= Otto Henningsen =

American politician (1883–1961)

Otto H. Henningsen (September 15, 1883 – December 22, 1961) was an American politician.

Henningsen was a native of Clinton, Iowa, born on September 15, 1883, to parents Henning and Anna Henningsen. He attended public and business school in his hometown. Henningson then worked for the Peterson–Bell Box Factory, followed by Curtis Bros. & Co. Between 1922 and 1958, Henningsen was involved in insurance and real estate, serving fifteen years as secretary and treasurer for the Clinton real estate board, and seventeen years as secretary and general manager of the Clinton Plate Glass Association.

Henningsen held several local offices in Clinton, including city council member from the second ward, for four years, and three years as school board member, including a one-year tenure as board president. He worked for the post office for fourteen years, and in 1932, was appointed postmaster in Clinton by Herbert Hoover, and served in the position for four years.
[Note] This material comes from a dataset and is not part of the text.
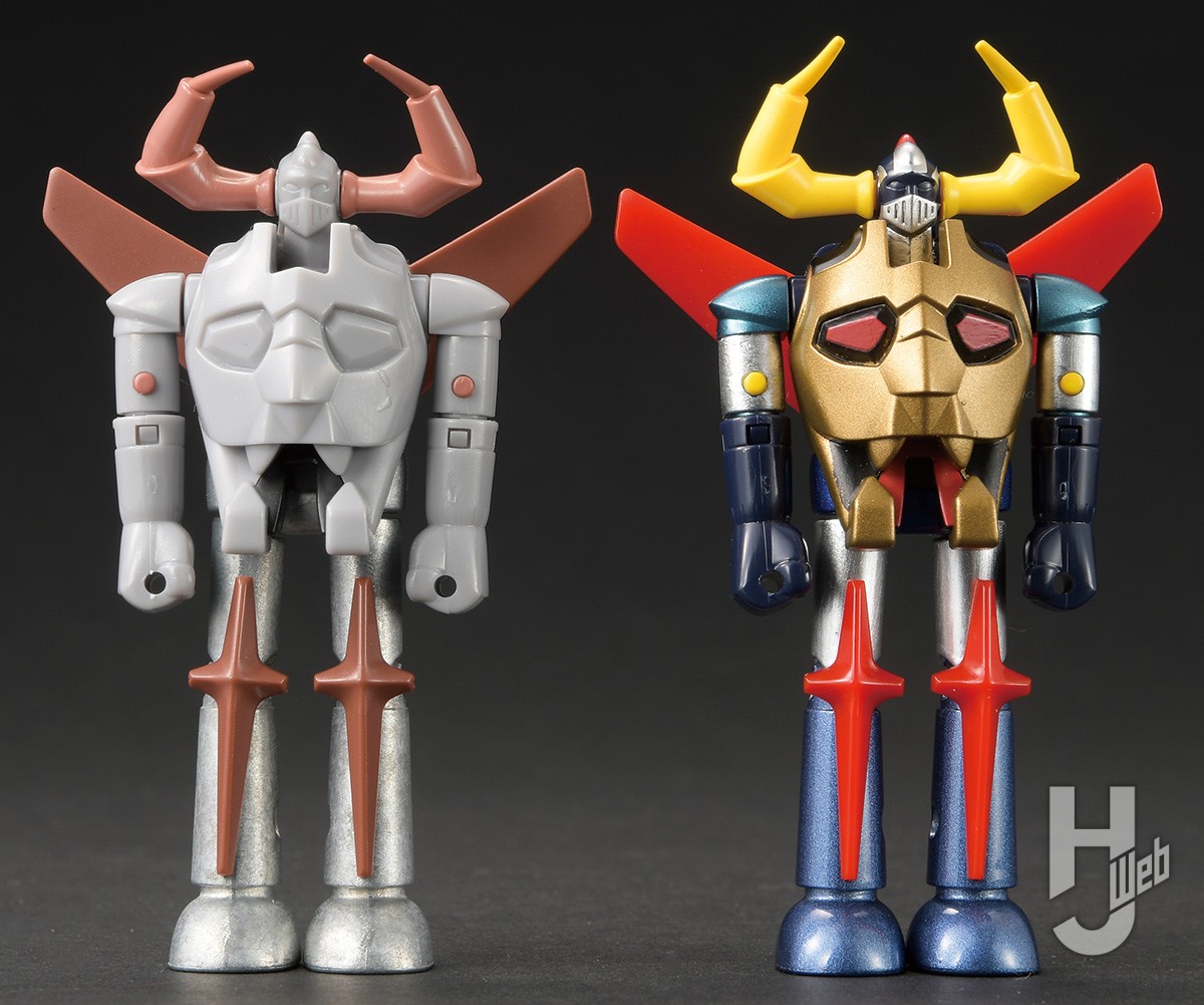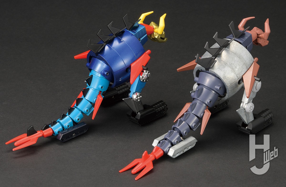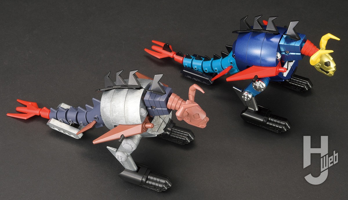 未塗装のテストショットが届いた。大空魔竜は、胴体と脚部、尻尾の履帯部分にダイキャストを使用。ガイキングは背中とカウンタークロス以外の下半身がまるまるダイキャスト製。どちらも超合金ならではの重量感と触り心地になっている。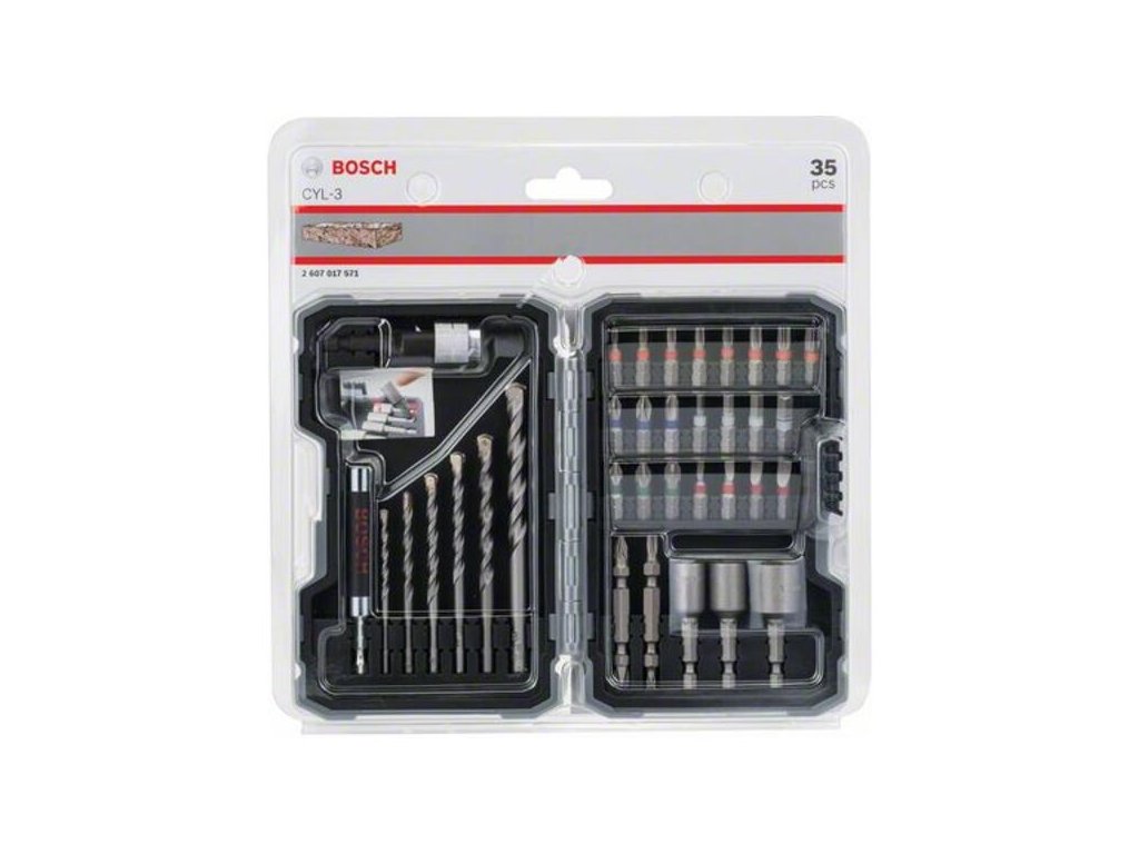 Táto komplexná sada 35 ks vrtákov a skrutkovacích bitov má všestranné využitie. Obsahuje príslušenstvo na dôležité vŕtacie a skrutkovacie práce. Modifikovaná oceľ S2 a proces optimalizovaného tepelného spracovania zaisťujú mimoriadnu tvrdosť bitov pre vynikajúci výkon pri všetkých typoch úloh. Zúžená torzná zóna bitu sa ľahko vyrovnáva s max. úrovňami krútiaceho momentu absorbovaním sily a vibrácií pri skrutkovaní. Bity sú farebne označené pre okamžitý prehľad a rýchle identifikovanie vhodného typu. Vrtáky CYL-3 poskytujú trvalý výkon v abrazívnych materiáloch ako betón a prírodný kameň. Bity majú 1/4-palcovú stopku s vonkajším šesťhranom na použitie so skrutkovačmi a vŕtacími skrutkovačmi. Vrtáky majú valcovitú stopku pre všetky elektrické či akumulátorové príklepové vŕtačky. Sada 35 ks vrtákov a skrutkovacích bitov sa dodáva v praktickej a robustnej kazete zaisťujúcej prehľadnosť obsahu, ako aj bezpečné uloženie a prenos. Sada obsahuje: PH1, PH2, PH3 PZ1, PZ2, PZ3 S 3/4/5/6 HEX 3/4/5/6 TH10, TH15, TH20 (2x), TH25, TH27, TH30, TH40 Nástrčkový bit 8/10/13 mm CYL-3 3,0/4,0/5,0/5,5/6,0/8,0 mm Obojstranný bit PH2/PZ2 Obojstranný bit TH20/TH25 Magnetický univerzálny držiak Univerzálny držiak na rýchlu výmenu

Subsequently, Henningsen was elected to the Iowa Senate from District 22 in 1938, 1942, 1946, and 1950 as a Republican. Henningsen stepped down from the state senate in January 1953, to accept a gubernatorial appointment from William S. Beardsley to the Iowa Board of Parole.

Henningsen married Ethel May Bohart in 1909, with whom he had one son, the astronomer Artemus B. Henningsen. Otto Henningsen died at Jane Lamb Hospital in Clinton on December 22, 1961.